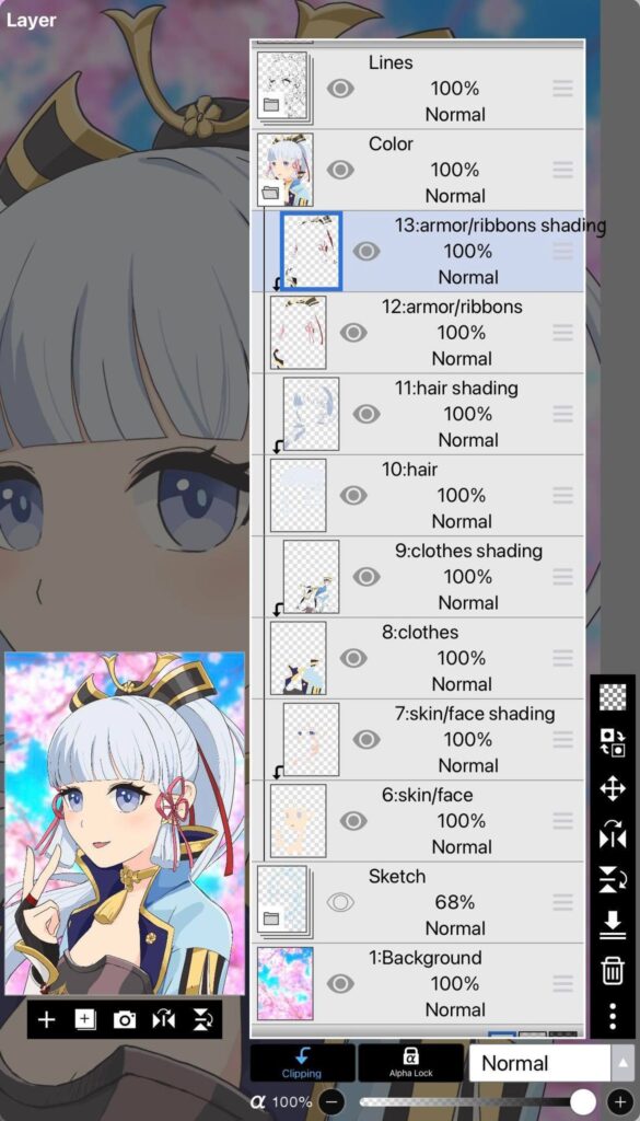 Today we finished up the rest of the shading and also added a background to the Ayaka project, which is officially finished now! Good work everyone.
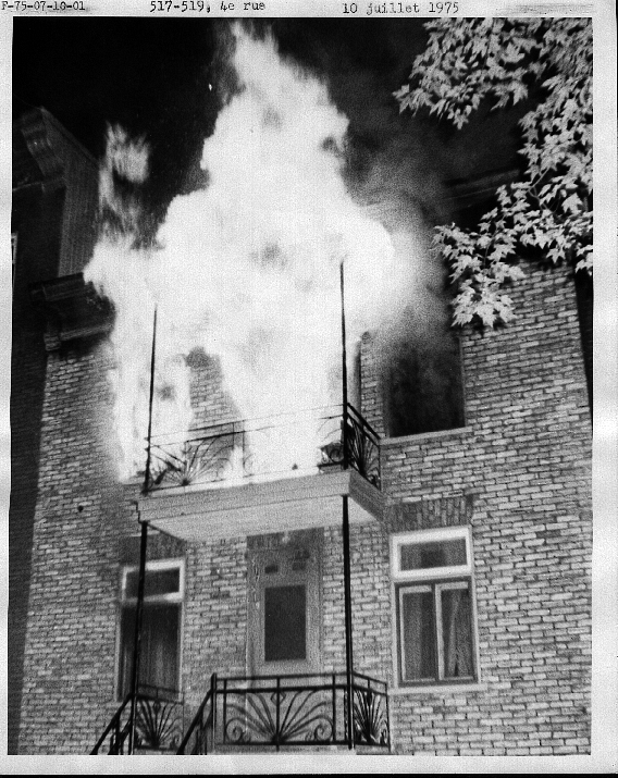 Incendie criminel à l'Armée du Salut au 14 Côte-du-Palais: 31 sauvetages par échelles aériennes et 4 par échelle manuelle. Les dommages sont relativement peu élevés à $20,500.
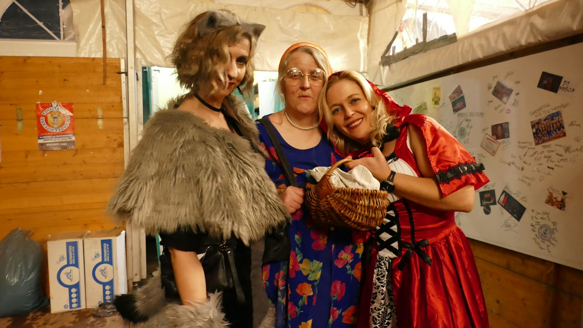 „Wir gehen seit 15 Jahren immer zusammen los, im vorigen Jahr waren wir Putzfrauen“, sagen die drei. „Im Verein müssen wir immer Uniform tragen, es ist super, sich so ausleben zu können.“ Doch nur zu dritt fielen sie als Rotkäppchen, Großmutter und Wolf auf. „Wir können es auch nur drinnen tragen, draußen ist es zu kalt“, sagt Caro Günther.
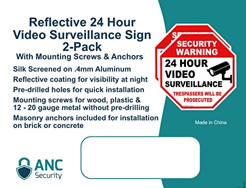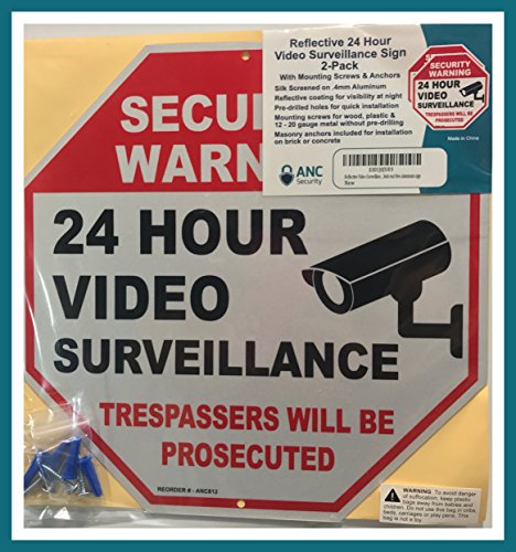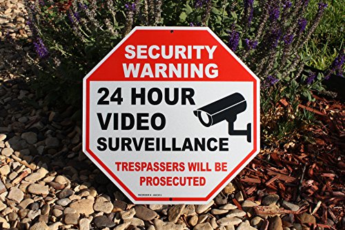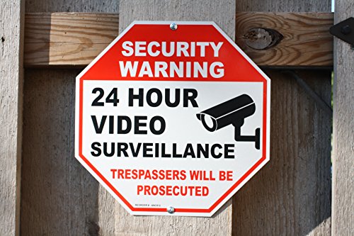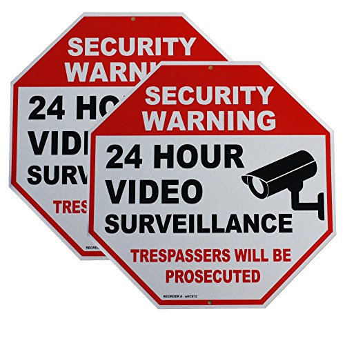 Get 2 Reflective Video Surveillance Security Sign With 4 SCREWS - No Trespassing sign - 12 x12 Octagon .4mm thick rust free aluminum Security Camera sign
------------------------------------
■ Work task
Pictures are to be excluded; all other material must be transcribed exactly.

■ Output for this exercise
 Today we finished up the rest of the shading and also added a background to the Ayaka project, which is officially finished now! Good work everyone.
 Incendie criminel à l'Armée du Salut au 14 Côte-du-Palais: 31 sauvetages par échelles aériennes et 4 par échelle manuelle. Les dommages sont relativement peu élevés à $20,500.
 „Wir gehen seit 15 Jahren immer zusammen los, im vorigen Jahr waren wir Putzfrauen“, sagen die drei. „Im Verein müssen wir immer Uniform tragen, es ist super, sich so ausleben zu können.“ Doch nur zu dritt fielen sie als Rotkäppchen, Großmutter und Wolf auf. „Wir können es auch nur drinnen tragen, draußen ist es zu kalt“, sagt Caro Günther.
 Get 2 Reflective Video Surveillance Security Sign With 4 SCREWS - No Trespassing sign - 12 x12 Octagon .4mm thick rust free aluminum Security Camera sign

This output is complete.